The author has demonstrated an ability to not be afraid of some explicit and graphic detail. That was wonderful. All too often I read debut novels where the author is clearly holding back.  They can sometimes be skittish of all sorts of things – from sex scenes to necessary plot points to character development that might give us Creepy Rob Lowe instead of directv-painfully-awkward-rob-lowe-commercialHandsome Rob Lowe.  That is not the case here. Is there room for refinement, sure. But no book is perfect. There was a clear plan for the characters and we are given a great introduction to a number of characters who can easily serve as the next few installments, without feeling like the characters were afterthoughts merely for the purpose of providing the fodder for the next book. Instead, they served purposes beyond just being there ready for an installment of their own. I loved that aspect. We are given some back story for many of them so that it should be easy to nurture an attachment, and thus be left clamoring for an installment dedicated to each of them.

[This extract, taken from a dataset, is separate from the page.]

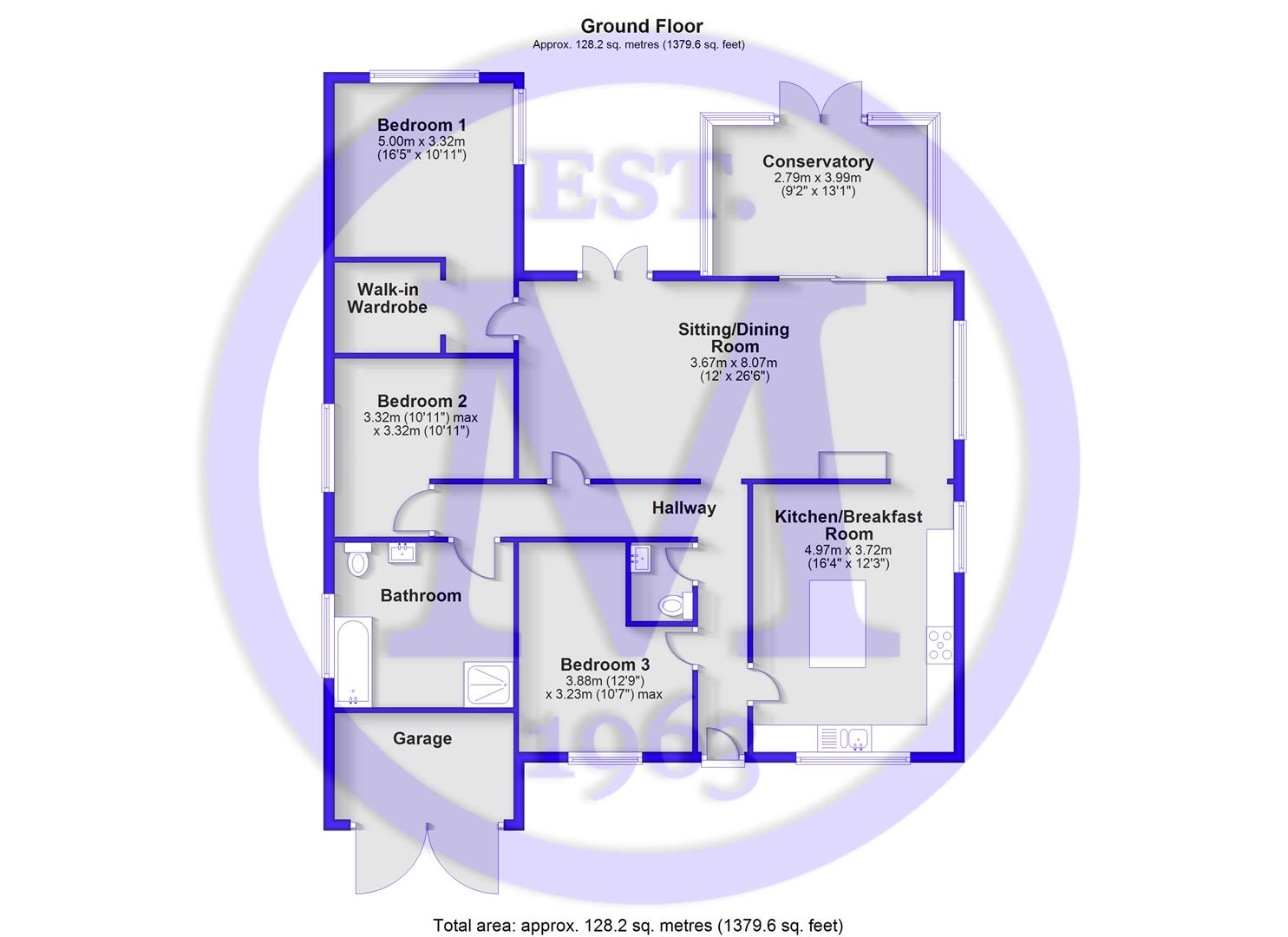 The sitting/dining room is particularly spacious, with double casement doors opening onto the rear garden, a timber effect floor, recessed ceiling spotlights, and a feature fireplace.

Sabin, Jared, Dorian – all have great potential and I was left wanting more from each.

A big motivator in reading from this genre is the anticipation of reading a well written juicy scene or five. And there was a good bit of juice. While I am a little used to seeing some of this a little earlier in this particular genre (versus what is more generally classified as romance), it’s not like I was waiting for long. And each scene left me enraptured in what I was reading.  But, there were moments when the scenes needed a little help with the continuity.  I sometimes was reading a scene, trying to picture the characters in the throws of passion and I had to stop to re-read.  And I needed to re-read because I couldn’t follow how the characters ended up the way the were.  It was as if there were a few frames missing from the scene of the movie – I still got the gist, but I knew something had skipped a beat and was ever so slightly off too.  And while I am not squeamish when it comes to the descriptors for human anatomy, there was an interesting juxtaposition of hard core terms with very soft core terms and descriptions so that when the harder terms popped up they felt a little startling or unexpected.  What I mean is that there isn’t enough balance between the two to make it more natural to read both types of descriptions together.  And there were moments when I felt that I wanted more.  Erotica, to me anyway, isn’t the less is more leaving room for a reader’s imagination to fill in the blanks.  Instead, you should be getting the gritty details in all their glory.  There were moments when this too felt a little imbalanced – too much and not enough details at the same time.  This, I think will improve, the more experience the author gets at writing these scenes.  I will note that this book is a particular brand of erotica, one that I don’t read much of.  I read books with elements or scenes of this but it isn’t often I read something dedicated solely to this type of play.  You need to be ready for it.  It can’t be easy to write and the author clearly didn’t let that intimidate.  And that, despite what might seem like criticism here, is really a compliment.  I loved that there was no bashfulness here.  When it was necessary to use certain words, they were used.  No pussy-footing around (pun really not intended!).  I wish that was the case with more of what I read.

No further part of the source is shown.